Le insté a que me contara lo ocurrido. La víspera, me contó, se había sumado a un corro de vejetes que jugaba al mus y con la habilidad y buen tino de quien se ha pasado media vida interrogando a gentes de muy variada psicología, había tratado de averiguar algo sobre el inválido objeto de mi interés. De momento sólo había sacado en claro que se llamaba (el inválido) Luis o Lluís Biosca, y que probablemente éste no era su verdadero nombre, porque uno de los vejetes afirmó haber visto bordadas en los pañuelos de batista del tal Biosca, sus camisas de hilo y sus calzoncillos (a la hora de la letrina) las iniciales A. T. Nadie conocía la naturaleza de la dolencia que le afectaba, pese a ser éste un tema de conversación harto frecuente entre los asilados, pues el tal Biosca (o A. T.), en los cuatro años que llevaba internado en la residencia de Vilassar, se había mostrado siempre reservado hasta la exageración. Y muy fino y considerado con los demás, a diferencia del comisario Flores, a quien los vejetes señalaron que para preguntar algo no hacía falta decirle a nadie que le iba a caer un buen paquete ni pegarle puntapiés en los cojones. Tal vez por esto, habían añadido los vejetes, al inválido lo visitaba con frecuencia una chica muy mona, y en cambio al comisario Flores, nadie. ¿Sólo aquella chica tan mona?, había preguntado el comisario Flores. Sí, le habían contestado los vejetes, en todos aquellos años sólo aquella chica tan mona había visitado al inválido y le había prodigado mimos y atenciones, por no hablar del bálsamo de su presencia, un verdadero regalo para la vista cansada de los vejetes, en opinión de los propios vejetes. Y por el momento, dijo el comisario Flores, aquello era todo y seguramente sería todo en el futuro, porque el inválido había sido secuestrado aquella misma mañana.

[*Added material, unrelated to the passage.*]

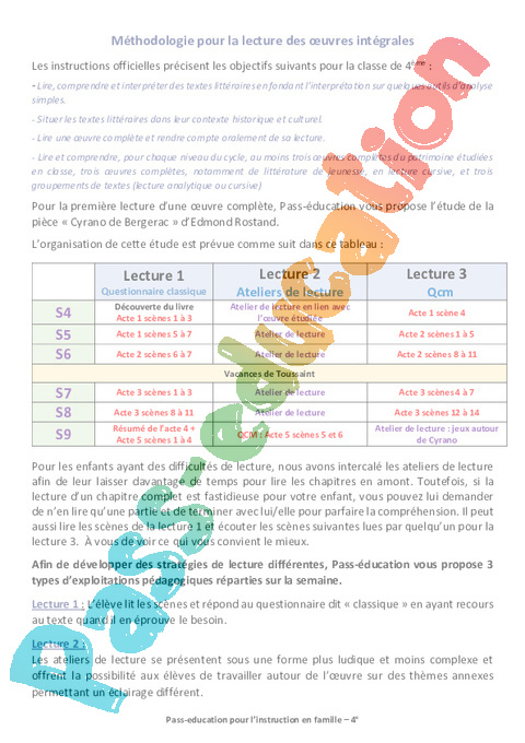Méthodologie pour la lecture des oeuvres intégrales – Semaine 4 – IEF : 10eme Harmos pdf

– Tal vez de resultas de sus desacertadas pesquisas -apunté.
– No, imbécil -replicó el comisario Flores-. Una cosa no tiene nada que ver con la otra. Al cabo de un minuto esos vejetes ni siquiera recordaban haber hablado conmigo. Además, un secuestro como éste no se monta en unas horas.
– Pues ¿cómo ha sido? -quise saber.
– De primera -respondió el comisario Flores-. Yo no lo he visto, porque estaba aquí, en la enfermería, en observación, pero un enfermo que ha ingresado a media mañana con un cólico me lo ha contado todo. Luego, en ausencia de la enfermera, he registrado el fichero de la enfermería. No hay ninguna ficha a nombre de Biosca ni de nadie cuyas iniciales sean A. T. Ahora bien, es imposible que en todos estos años Biosca no haya pasado ni una sola vez por la enfermería. Sin duda la ficha ha sido eliminada, y seguramente también habrá desaparecido la del archivo central. Ah, y según me han dicho, su habitación la ocupa desde hace unas horas un demente que jura y perjura llevar allí desde octubre del año pasado. Alguien está decidido a borrar toda traza de tu inválido, muchacho, y lo está haciendo bastante bien.
– ¿Para qué? -pregunté-. ¿Para qué tanto interés por borrar las huellas de ese tal Biosca?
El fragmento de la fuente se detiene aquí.